In the meantime, an American response, The Black Vampyre: A Legend of St. Domingo, by one Uriah Derick D’Arcy, appeared. D'Arcy explicitly parodies The Vampyre and even suggests that Lord Ruthven, Polidori’s British vampire aristocrat, had his origins in the Carribean. A later reprinting in 1845 attributed The Black Vampyre to a Robert C Sands; however, many believe the author was more likely a Richard Varick Dey (1801–1837), a near anagram of the named author.

The Black Vampyre also explores the idea of mixed marriage at a time when interracial love was deemed taboo.

Darcy’s narrative begins with a slave-owner Mr Personne, in what is now Haiti repeatedly trying to kill a 10-year-old slave. As much as he tries though the corpse keeps reviving.

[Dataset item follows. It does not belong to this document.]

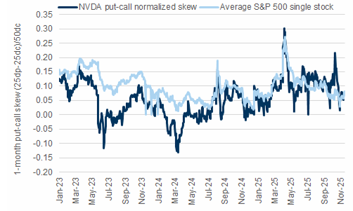 El put-call skew de NVDA sugiere que el posicionamiento en opciones de NVDA está en línea con el de una acción promedio del S&P 500.

Personne orders the child to be burned but the boy moves with supernatural speed and miraculously causes the slave-owner to be flung into the fire instead. Before Mr Personne dies, his wife informs him that the cradle of their unbaptised son is empty apart from his skin, bones, and nails.

Some years later we return to Personne’s widow, Euphemia, who is in mourning for her third husband. She is visited by two strangers, an extremely handsome Black man, dressed as a Moorish prince, accompanied by a pale European boy. He charms her with his elegance and beauty and rapidly wins her hand in marriage, which takes place that evening. That same night he reveals that he is a vampire and converts Euphemia to his bloodthirsty set.

Monsters aside, Published in 1819, an interracial marriage would have made for shocking reading – not to mention between a former slave and his one-time mistress.

Vampirish children
Married to a monster and now a monster herself (in the eyes of society too), Euphemia learns that the prince’s pale young companion is her vanished son – now also a vampire. The prince gives the boy named Zemba back to Euphemia along with her first husband’s money so they can escape to Europe.